LAVENDER RING「MAKEUP & PHOTOS WITH SMILES」

2019年11月2日LAVENDER RINGさんの「MAKEUP & PHOTOS WITH SMILES」に、絨毛がんの経験者として参加する機会をいただきました。

LAVENDER RINGさんは、がんになっても笑顔で生活できる社会の実現を目指して、様々な活動を有志によって運営するプロジェクト。今回参加した「MAKEUP & PHOTOS WITH SMILES」は資生堂のライフクオリティービューティーセンター、美容室、クリエイティブ本部のプロフェッショナルのみなさんの力で、心と身体をメイクアップしていただき「今打ち込んでいること」を綴り、撮影した写真に添え、他のがん経験者のみなさんと一緒に展示していただくというものでした。

わたし自身、がん自体は5年前に寛解し、今年で5年を迎えました。抗がん剤治療中はかなり抜けた髪も、2度目のヘアドネーションに向けてのばしているところ。手術痕も腹巻きに覆われているし、出会った人にがんの経験を伝えると驚かれることの方が多いくらいです。

5年の節目ということで、先に参加した経験者の友人にも背中を押されながら、大阪開催ということもあり応募。参加のお知らせをいただき、当日約束の時間にブースへ伺いました。

当日の様子の前に、わたしのがんについて少しだけ…わたしが5年前、29歳の時に罹患したのは、絨毛(じゅうもう)がんという非常に珍しいがんで、希少がんにあたります。絨毛組織ががんになる病気で、悪性度が高く非常に進行が速いがんだそうです。

わたしの場合は、妊娠・流産から間もなくの発症。

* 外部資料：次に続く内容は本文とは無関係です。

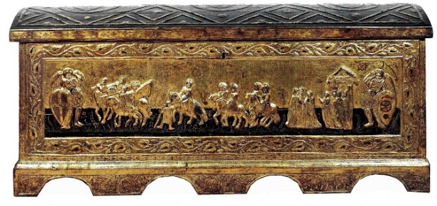 Tra gli oggetti che si potranno ammirare nel castello Della Monica vi sono alcuni pregevoli manufatti legati alla storia e all’arte dell’Abruzzo e del Regno, come il Cassone di legno di pioppo realizzato negli ultimi anni del Quattrocento che presenta un coperchio convesso, frutto di una ricostruzione ottocentesca. L’arredo ligneo è riccamente decorato in pastiglia dorata e dipinta con lo stemma senese della famiglia Piccolomini, importante famiglia che godeva di ampi feudi anche in Abruzzo. Raffinato è poi il piccolo contenitore in rame dorato incastonato di coralli che formano graziose decorazioni vegetali sulla struttura, e a raggera sul coperchio. Il cofanetto, di manifattura siciliana, verosimilmente trapanese, è databile nel Seicento per via della decorazione che in quel secolo è particolarmente diffusa sull’Isola.
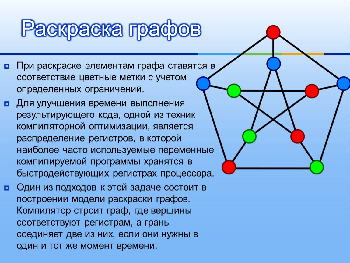 При раскраске элементам графа ставятся в соответствие цветные метки с учетом определенных ограничений.

産婦人科医から「妊娠おめでとう」と言われた一か月後に流産の手術を受け、さらに一か月後には子宮動脈から1リットル以上の大出血を起こして搬送。その時にはすでに子宮・卵巣・両肺とがんが広がっていた状態でした。止血手術は何とか成功し、輸血も受け、翌日からは「がんが消えきるまで」最低限の休薬期間以外は抗がん剤を打ち続けるという治療を受けました。

体はもちろんつらいのですが「子どもを授かる」というしあわせと真反対の状況に突き落とされ、かつ治療を受けるのは産婦人科。がんにならなければ少し先の自分の未来かもしれなかった妊産婦さんが目の前に居て、新生児やご家族のしあわせそうな声も響く空間で治療を受け続けなければいけない。

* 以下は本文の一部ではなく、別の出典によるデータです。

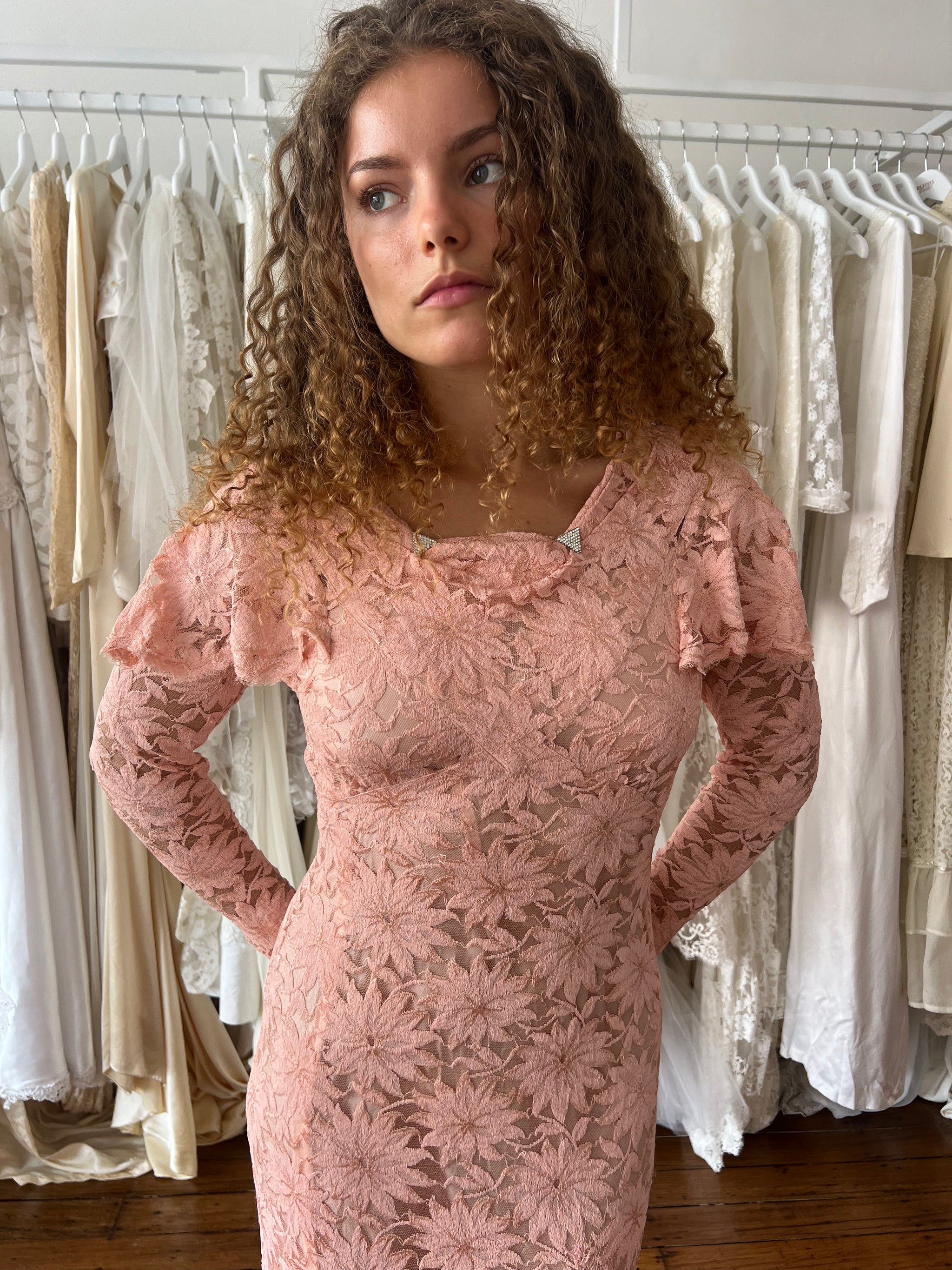 Material: Chantilly lace, metal adorned with glass gems and silk synthetic blend slip

空っぽのお腹で吐きながら抗がん剤でどんどんやつれていく自分の姿が鏡に映る度に、人として、何より女性としての自信を失いました。今振り返っても、あの頃が一番つらかったと思います。

寛解後、そのつらさを共有できる経験者を探そうと病院やピアサポートの場を訪ねても同病の経験者に出会うことはなく、信頼度が高いとされている病院や企業ががん情報を扱うメディアやがん経験者のソーシャルアクションにアクセスしても、「絨毛がん」という病名のカテゴリも、絨毛がんの経験を公表されている方の体験談もほとんど載っていない。希少であるという事実以上に「自分の病気が載っていない」ということの方が孤独でした。

一方で「表情の見える一人」として今までの経験を打ち明けてくださる他のがんの経験者のみなさんの発信から、生きる力をもらうこともありました。そんなこともあり、わたし自身はがん経験者のみなさんが参加しているアクションやプロジェクトにはできる限り参加して「絨毛がん」ということばを置くようにしています

わたしが参加することで「絨毛がん」というがんの存在や治療の環境を知る人が一人でも増えるかもしれない。少しずつ理解が広がり、今どこかで孤独の中にある他の絨毛がん経験者の方にも届くかもしれない。

特定のがんに限らない「LAVENDER RING」の「MAKEUP & PHOTOS WITH SMILES」に参加したのも、そんな理由からでした。長々と綴ってしまいましたが、これはわたしの道のりで。きっと参加者のみなさん一人ひとりに、それぞれの道のりや想いがあるんだろうなと思います。

話を戻して、「MAKEUP & PHOTOS WITH SMILES」の当日の様子について。受付でいただいた資生堂のライフクオリティービューティーセンターさんの小冊子には、このようなメッセージが綴られていました。

資生堂は創業以来、一人ひとりの美の実現をお手伝いするだけでなく、心まで豊かになっていただくことを目指して、化粧品の研修を続けてきました。活動のはじまりは1956年。当時日本では、戦禍によってやけどを負った方々が多くいました。心の苦しみを少しでも和らげたいと考え、「資生堂スポッツカバー」を発売。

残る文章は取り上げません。